Of course, we were saved, kind of. A madman named Elon, a billionaire with a loose wire, got them to put a dozen nukes in a big rocket and he rode that thing right into the Asteroid as it passed the moon, directing it by hand so that it hit precisely where the eggheads back home said it should.
The resulting explosion ripped that huge rock apart and what was left rained down meteors and meteorites for two weeks.
Some of the chunks were big enough to cause tsunamis and earthquakes. The entire Wollaston Island chain, and Tiera Del Fuego, along with Asuncion and the entire country of Panama were gone in seconds.
Corpus Christi, Texas and Sioux Falls, South Dakota joined Nutak, Newfoundland on the missing in action list. Rabat in Morocco, Barcelona in Spain, and Tallinn in Estonia? All gone.
Okinawa was just ... missing, along with everything north until you hit Fukuoka. Poor Nagasaki was gone, again, but no coming back this time. Dozens of cities, hundreds of little islands and archipelagos, all gone.
In a ‘coincidence’ that still has the various religions up in arms, Mecca was left a glowing crater that is still, to this day, too hot to approach while Jerusalem was completely untouched except for the rock that leveled the Temple Mount in a strike so precise that man had trouble even calculating the probabilities. That was despite the thousands of smaller fragments that hit within a mile or two.
Millions of fragments lit up the atmosphere and shed untold trillions and trillions of tiny particles that we are only now, years later, starting to get a grip on classifying. We can’t explain how it all works, but we think we have a hint about the mechanism.
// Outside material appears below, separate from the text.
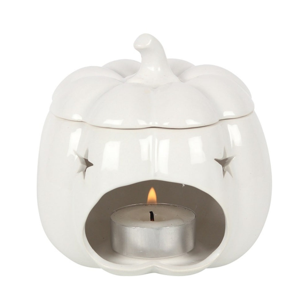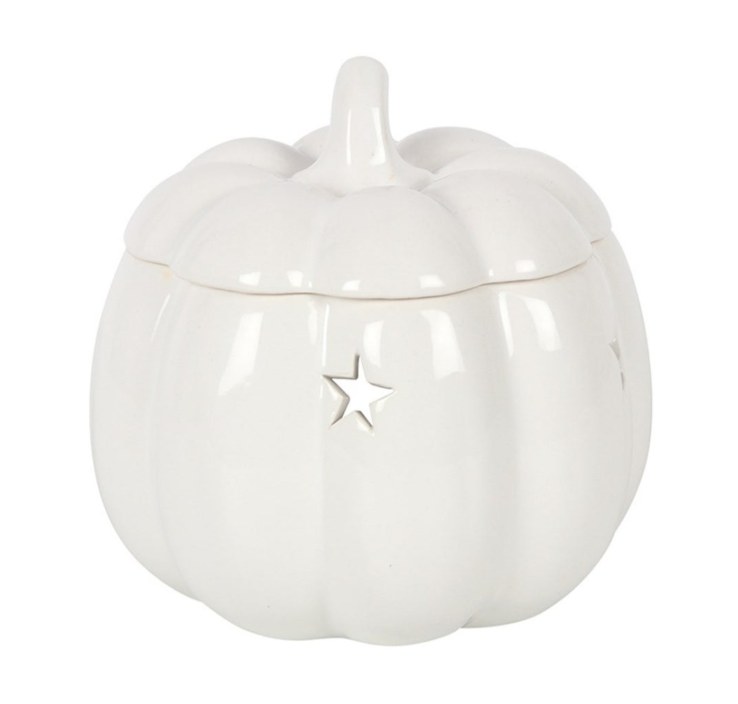 Create a cosy mood this autumn with an elegant, white ceramic pumpkin oil burner and wax warmer. Simply place a lit tealight inside and add an autumnal fragrance oil or wax melt under the lid - a lovely glow emanating from the little cut out stars.

See, that dust, those microscopic particles of what they are calling PRIME (Pathogenically Recombinant Infectious Mutagen, Extraterrestrial), created a world-wide plague unlike any other in history.
Initially, the planet was decimated, and I mean that in a literal, historic sense. One out of every ten people died right away as a result of the strikes and the storms that resulted, almost seven hundred and thirty million people dead or dying. Within twenty-four hours, another ten percent, or six hundred and fifty-seven million people, were ‘infected’ and of those, one hundred and ninety-seven million would die, often horribly; four hundred and fifty-nine million would be changed fundamentally and six hundred and fifty-seven thousand, well, they would become a Power.